## [AIM OF THE EXERCISE]
Retype the listing exactly. Leave out the images.

## [DATA BLOCK]
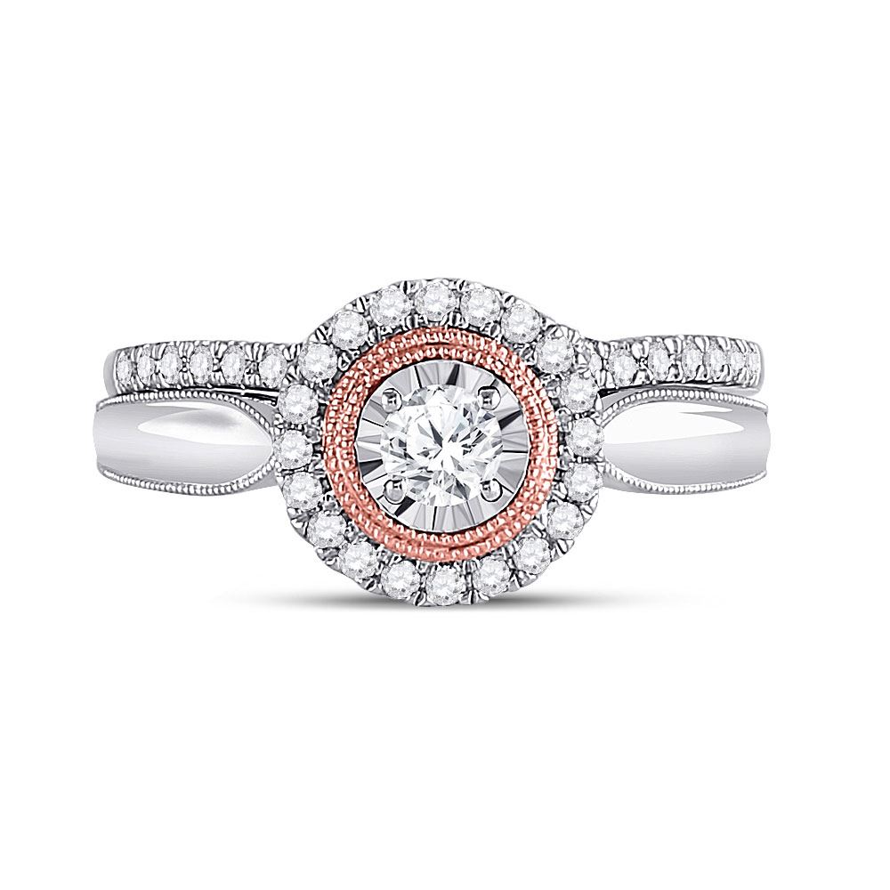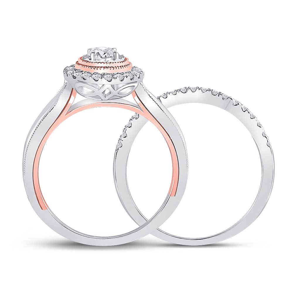 10kt Two-tone Gold Round Diamond Bridal Wedding Ring Band Set 1/2 Cttw
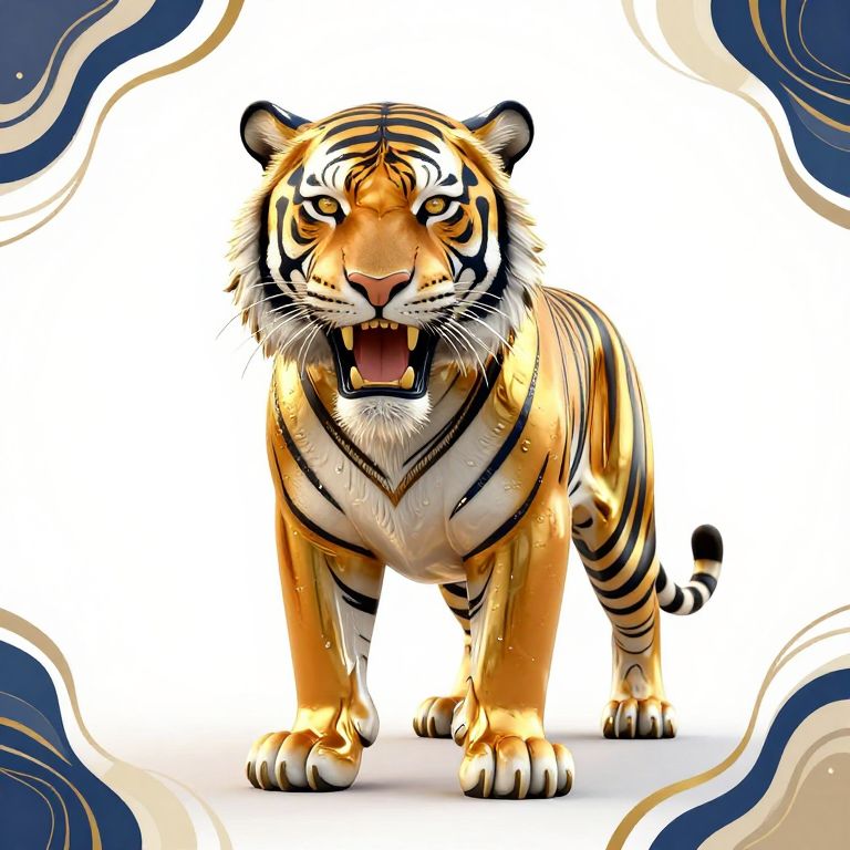 The image is a stunning 3D render of a tiger, rendered in a futuristic style with a high contrast between liquid gold color and dark blue and cream accents. The tiger's head is prominently featured, with its mouth open in a roar, creating a dynamic and powerful visual. The background is a bright white #ffffff, providing a stark contrast that highlights the tiger's intricate details. The composition is balanced, with the tiger positioned centrally, surrounded by abstract, flowing lines that add a sense of motion and depth. The negative space is used effectively to emphasize the tiger's form, while subtle retro-inspired motifs add a vintage touch to the otherwise modern design. The overall effect is a harmonious blend of futuristic and vintage elements, creating a visually striking and engaging image.
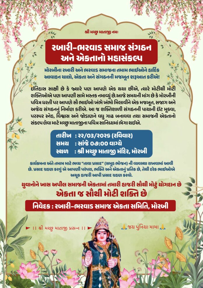 પ્રાપ્ત માહિતી અનુસાર, આજે 22 માર્ચ 2026, રવિવારના રોજ સાંજે 7:00 કલાકે મોરબીના મચ્છુ માતાજી મંદિરે આ કાર્યક્રમ યોજાશે. સંગઠનની પાયાની ઈંટ મૂકવા અને પરસ્પર સ્નેહ તથા વિશ્વાસ વધારવાના આ પ્રયાસના અંતે તમામ ઉપસ્થિત લોકો માટે ‘તાવા પ્રસાદ’ (સમૂહ ભોજન) ની વિશેષ વ્યવસ્થા રાખવામાં આવી છે. પ્રસાદ ગ્રહણ કરવો એ પરંપરા, ભક્તિ અને એકતાનું પ્રતીક હોવાથી દરેક ભાઈઓને સમયસર અચૂક હાજરી આપવા રબારી-ભરવાડ સમાજ એકતા સમિતિ દ્વારા જણાવાયું છે.
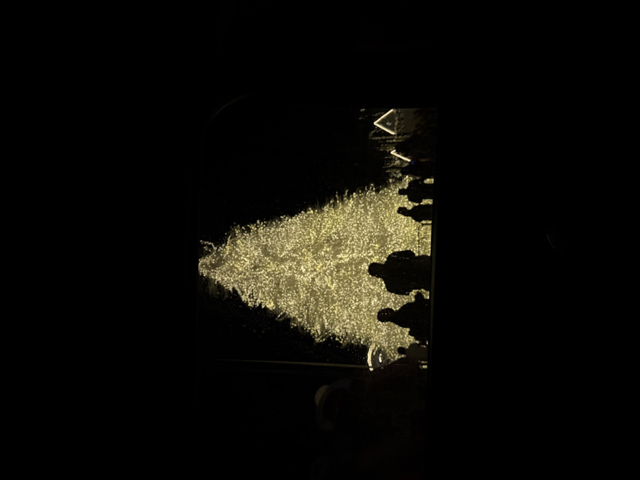 A dark photograph features a brightly illuminated rectangular object held up by a hand. The illuminated area contains a diffuse, tree-shaped pattern of light, resembling a Christmas tree made of sparkling lights. Along the right edge, the silhouettes of several people can be seen, as well as a triangular shape. The object is set against a stark black background.

## [ANSWER TO THE EXERCISE]
 10kt Two-tone Gold Round Diamond Bridal Wedding Ring Band Set 1/2 Cttw
 The image is a stunning 3D render of a tiger, rendered in a futuristic style with a high contrast between liquid gold color and dark blue and cream accents. The tiger's head is prominently featured, with its mouth open in a roar, creating a dynamic and powerful visual. The background is a bright white #ffffff, providing a stark contrast that highlights the tiger's intricate details. The composition is balanced, with the tiger positioned centrally, surrounded by abstract, flowing lines that add a sense of motion and depth. The negative space is used effectively to emphasize the tiger's form, while subtle retro-inspired motifs add a vintage touch to the otherwise modern design. The overall effect is a harmonious blend of futuristic and vintage elements, creating a visually striking and engaging image.
 પ્રાપ્ત માહિતી અનુસાર, આજે 22 માર્ચ 2026, રવિવારના રોજ સાંજે 7:00 કલાકે મોરબીના મચ્છુ માતાજી મંદિરે આ કાર્યક્રમ યોજાશે. સંગઠનની પાયાની ઈંટ મૂકવા અને પરસ્પર સ્નેહ તથા વિશ્વાસ વધારવાના આ પ્રયાસના અંતે તમામ ઉપસ્થિત લોકો માટે ‘તાવા પ્રસાદ’ (સમૂહ ભોજન) ની વિશેષ વ્યવસ્થા રાખવામાં આવી છે. પ્રસાદ ગ્રહણ કરવો એ પરંપરા, ભક્તિ અને એકતાનું પ્રતીક હોવાથી દરેક ભાઈઓને સમયસર અચૂક હાજરી આપવા રબારી-ભરવાડ સમાજ એકતા સમિતિ દ્વારા જણાવાયું છે.
 A dark photograph features a brightly illuminated rectangular object held up by a hand. The illuminated area contains a diffuse, tree-shaped pattern of light, resembling a Christmas tree made of sparkling lights. Along the right edge, the silhouettes of several people can be seen, as well as a triangular shape. The object is set against a stark black background.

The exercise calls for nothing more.